2019 ISAKOS Biennial Congress Paper #98
Prospective Evaluation of Glenoid Bone Loss After First-Time and Recurrent Anterior Glenohumeral Instability Events
Sean E. Slaven, MD, Ellicott City, MD UNITED STATES
Jon F. Dickens, MD, Bethesda, MD UNITED STATES
Kenneth L. Cameron, PhD, MPH, ATC, West Point, NY UNITED STATES
Adam M. Pickett, MD, West Point, NY UNITED STATES
Matthew Posner, MD, West Point, NY UNITED STATES
Scot Campbell, MD, Fort Collins, CO UNITED STATES
Brett D. Owens, MD, East Providence, RI UNITED STATES
Walter Reed National Military Medical Center, Bethesda, MD, UNITED STATES
FDA Status Not Applicable
Prospective MRI study of glenoid bone loss before and after glenohumeral instability events in young athletes, demonstrating an average of 6.8% bone loss after first time instability and 13.6% bone loss in subjects experiencing recurrent instability, with a total calculated bone loss of over 20% in all subjects with recurrent instability.
Determining the amount of glenoid bone loss in patients following anterior glenohumeral instability events is critical to guiding appropriate treatment. One of the challenges in managing shoulder instability in young athletes is the absence of clear data showing the impact of each event. The purpose of this study was to prospectively determine the amount of bone loss associated with a single instability event, in the setting of both first-time and recurrent instability.

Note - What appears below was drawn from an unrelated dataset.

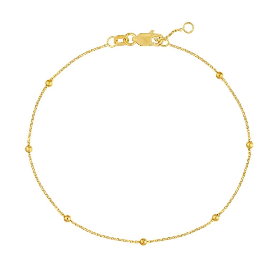 14 Karat yellow gold 7/7.5″ diamond-cut saturn chain bracelet with 7 – 2 mm beads.
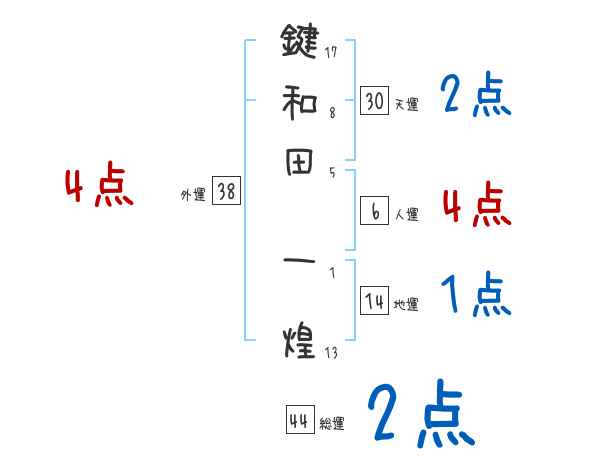 鍵和田一煌さんの画数の鑑定結果

We conducted a prospective cohort study of 714 athletes surveilled for four years. Baseline assessment included a subjective history of shoulder instability. Bilateral noncontrast shoulder MRIs were obtained in all participants with and without a history of previous shoulder instability. The cohort was prospectively followed during the study period and those who sustained an anterior glenohumeral instability event were identified. A post-injury MRI with contrast was obtained and compared to the screening MRI. Glenoid width was measured for each patient’s pre- and post-injury MRI. The projected total glenoid bone loss was calculated and compared for patients with a prior history of shoulder instability.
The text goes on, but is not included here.